Darren Gilligan with his daughters Charlotte (left) and Amy Darren Gilligan with his daughters Charlotte (left) and Amy

A former forklift driver who had a leg amputated following a workplace accident has been ruled fit to work by benefits bosses.

Single dad-of-two Darren Gilligan, 35, had to take his case to appeal last year after he was initially told he was not entitled to Employment and Support Allowance (ESA) because he did not score enough points on a medical assessment form.

That decision was reversed after the Telegraph & Argus highlighted his plight but he has been reviewed again following the amputation of one of his legs and benefits bosses have withdrawn his ESA for a second time.

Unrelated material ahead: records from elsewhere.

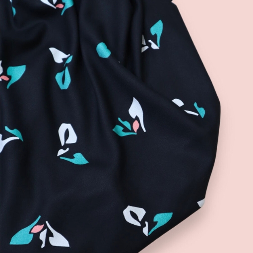 Crepé de viscosa Ecovero™  con estampado en colores blanco y verde sobre fondo negro.  Un tejido muy suave y ligero, algo satinado y de alta calidad, para prendas con caída y movimiento.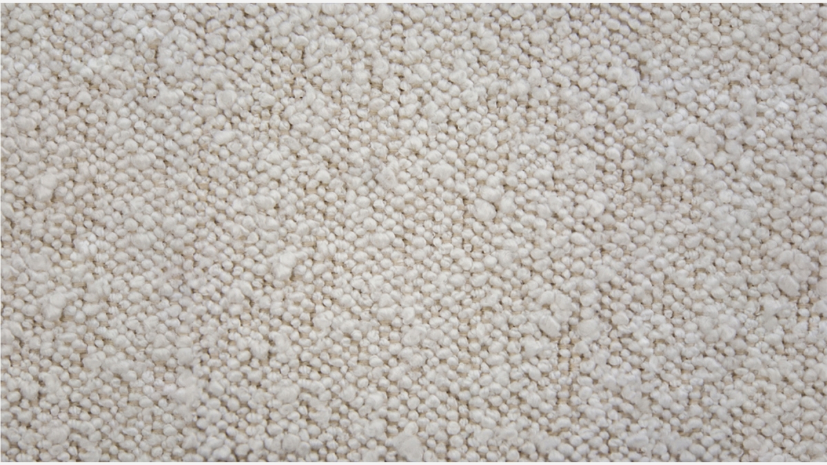 Matière | Laine Bouclée | ▸ Laine bouclée 95% polyester, 5% acrylique de 855 g/m². Disponible en coloris : Blanc cassé, Ecrue et Gris |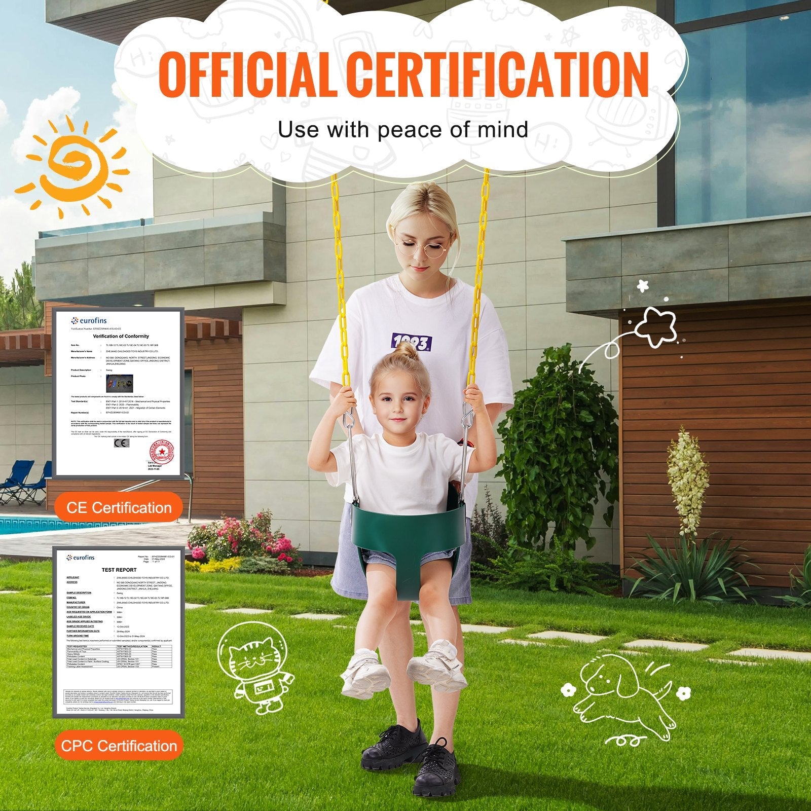 Keep your little ones safe and smiling with the VEVOR Toddler Swing Seat. Designed with a high back full-bucket structure, this swing provides enhanced support and security for toddlers aged 36 months and up. Crafted from durable EVA material and equipped with galvanized iron chains, it ensures long-lasting use both indoors and outdoors. The heavy-duty design supports up to 150 lbs, while safety lock features and a stable structure make it a worry-free addition to your play area. Perfect for backyards, playgrounds, or playrooms—fun and safety come together with this toddler swing seat.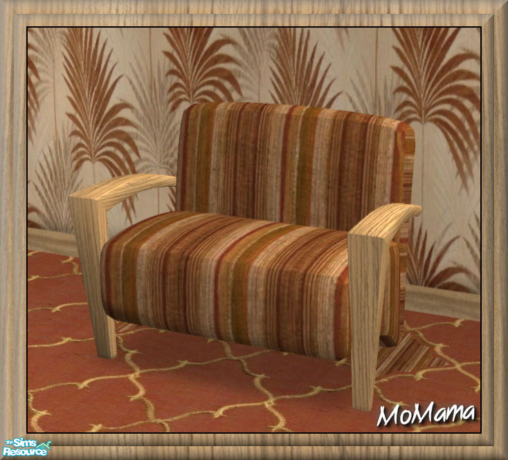 A relaxing arm chair of zebra wood with a textured stripe cushion.

Mr Gilligan said: “It’s ludicrous. When they did a U-turn last time I still had both my legs but now I’ve actually had the amputation. I’m worse off than before and there are other health complications but they are saying I’m fit to work – I’m clearly not.”

Mr Gilligan, of Pasture Road, Baildon, was getting used to his false leg when he fell and tore ligaments in his other knee for which he underwent an operation yesterday.

He said: “I’m wheelchair-bound because I can’t bear any weight and I get chronic backache. I want to work when I’m well enough and have learned to walk on my new leg but that’s not possible now. I’m not a scrounger.”

Mr Gilligan, who suffered complications after breaking his ankle at work in 2003, had previously been receiving Incapacity Benefit.

Mr Gilligan said he will appeal with the help of letters from his GP, consultants and phyios who, he said, all agree he can- not go back to work yet.

He said: “I was told I only had 12 points towards getting my Employment and Support Allowance – six for having one leg, another six for being depressed and I need another three apparently.

“Everyone I speak to is flabbergasted. If you can breathe and blink they want you back to work. It means I lose help towards my housing benefit and council tax when it’s not my fault. I’m a single dad with a family to bring up, times are hard enough but without my ESA they are even harder.

“I will appeal and with all the specialists behind me I should get the extra points I need for them to have another re-think and re-award me the ESA but I can’t even start to appeal until I get all the official paperwork from the benefits people which seems to be taking ages.”

Paul Anderson, of Bradford & District Disabled People’s Forum, said its calculations showed 42 per cent of people in Bradford were winning their appeals against ESA judgements which showed how “ridiculous” the entitlement process was.

He said: “It’s causing a lot of stress and unnecessary worry because of the way the assessment and scoring process is so unfair and so unrealistic. Disabled people want to be given the opportunity to work but some people need more support and also jobs they can do are not always available.”

A Department for Work and Pensions spokesman said: “We shouldn’t automatically write off a person’s ability to work, solely on the basis of a health condition or disability.

“That’s why the Work Capability Assessment doesn't focus on a particular diagnosis, but on the actual abilities of an individual, and whether that person – with the right support – could undertake suitable work.

“People who are too sick or disabled will continue to receive our unconditional support, but those who are able to work will get specialist help through the Work Programme.

“Everyone has the right to appeal a benefit decision they do not agree with. Once we receive an appeal, ESA will be paid pending the outcome, so claimants are not left without an income.”